From The Mad Monarchist (30 November 2017)
Today is St Andrew's Day, the "national day" of Scotland as the feast day of Scotland's patron saint, Andrew. As such, it is a day to celebrate all things Scottish and, for me at least, nothing symbolizes the best of Scotland like the highland regiments of the British army. Today they have been sadly reduced but best not to dwell on that now. One of, if not the, most famous of these regiments was the 42nd Royal Highland Regiment of Foot, better known as the "Black Watch". It was formed in the aftermath of the 1745 Jacobite Uprising and, naturally, consisted of highlanders who had supported the government which meant they tended to be Protestants in their religion and Whig in their politics. The Black Watch would have a long history of many great victories and ample military glory, however, one of her most famous engagements was not a victory at all but a very heroic, tragic and bloody defeat. It would go down in history as one of the worst British defeats but for the men of the Black Watch it would be remembered for the tremendous sacrifice their soldiers made. It was during the French and Indian War (which regular readers will know all about) and happened at a French fort called, at the time, Fort Carillon, later re-named Fort Ticonderoga on the east border of what is today the state of New York, south of Lake Champlain.
|The French and the Indians|
The British planned for a huge, crushing blow that would strike northward, via Lake Champlain, retaking lost outposts and ending in a massive attack on Quebec City, the capital of New France (Canada) which would win them the war. Doing that, however, would mean that they would have to take Fort Carillon which the French had just built to guard the southern approach to Lake Champlain (the lakes and rivers being the most efficient ways to travel in North America at the time). On paper, this seemed to be no great challenge. General James Abercrombie would have nearly 30,000 British troops at his disposal, a huge army by the standards of the time and place, with many excellent units such as the Black Watch. The Marquis de Montcalm, on the other hand, would have only 3,600 soldiers to defend the fort and many of these would be Canadian militia rather than French regulars. However, perhaps overconfident because of all of this, Abercrombie would fight this battle with all of the strategic calculations of a bulldozer. The Marquis, on the other hand, had his men in well fortified positions, with men in trenches out in front with other men on the walls to give them covering fire and obstructions in front of all of them. Although his defenses could have been more solid still, they would prove more than up to the task given that Abercrombie's plan was simply to charge right in.

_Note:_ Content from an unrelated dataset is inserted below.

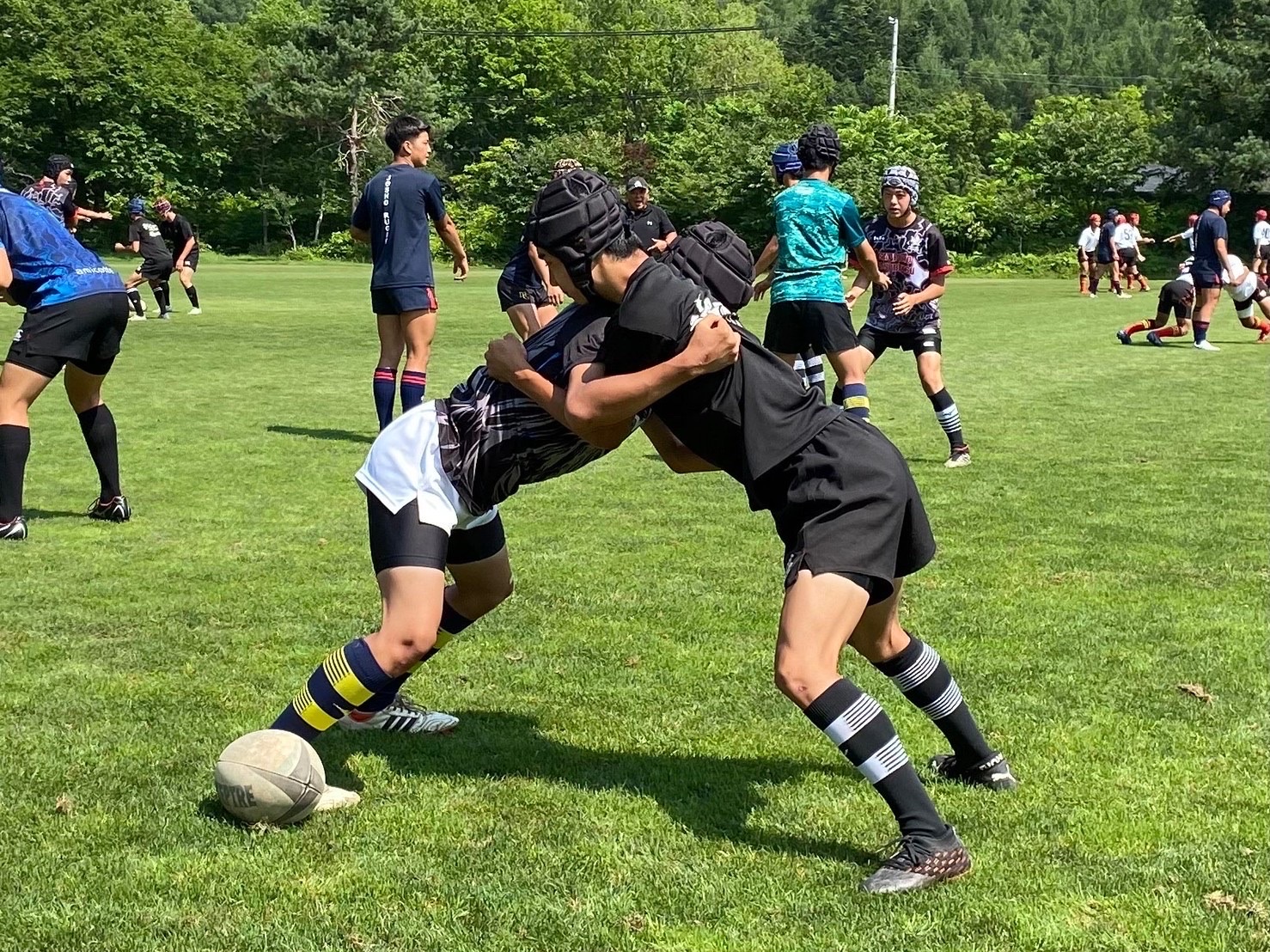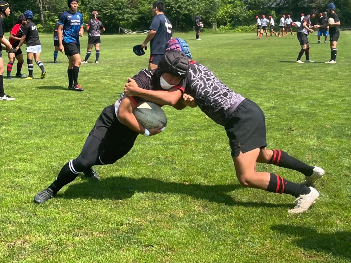 2人でのゲートでディフェンスを作る練習に移りました。1対1で学んだことを繋げることを心掛けました。ゲートは、首から腰を合わせ3人で三角形を作るイメージを持ちながら取り組みました。また、試合をイメージしてディフェンスするようにと指導していただきました。

Abercrombie's force approached on July 8, 1758 with local militia units and the famous "Roger's Rangers" out front having no problem forcing the French skirmishers back. However, Montcalm had good troops under his command in the center with good protection for them and artillery in redoubts to cover his flanks. One of these was unfinished but, it would not matter, because Abercrombie would be charging straight in, confident that his regulars could smash the French without undue difficulty. He was, of course, to be proven completely wrong. In fact, from the outset, everything seemed to go wrong for the British. Units were drawn into battle early and not as planned which led to disorganized attacks that failed and were very costly. The Black Watch was supposed to have been kept in reserve but, seeing their comrades engaged, demanded to join the fight and so were sent in as well. The result was that the British troops charged into a killing zone of withering French fire. Montcalm, who had thrown off his coat and was dashing among his men in his shirtsleeves, kept up French discipline and morale while the British commander was far away from the action (which had broken out before he had planned). Nonetheless, Abercrombie ordered more attacks, thinking each one would break the French lines and carry the day. Instead, he simply sent more men to certain death.
To make matters worse, the British had no artillery to provide fire support for their attacks. The barges carrying the guns had gone the wrong way and ended up floating down within range of the French in Fort Carillon who quickly spotted them and sank several of the barges in quick order. Abercrombie then sent in his reserves, mostly local militia, but they too were ruined and finally he decided to admit defeat and call off the attack. However, heroically but tragically, just because he had had enough, did not mean the hard fighting highlanders of the Black Watch had. They refused to retreat and continued trying to push on, finally charging forward, they alone managed to reach the foot of the outer walls of Fort Carillon but those who tried to continue ran into French bayonets. When there were finally none left to carry on, the battle came to an end.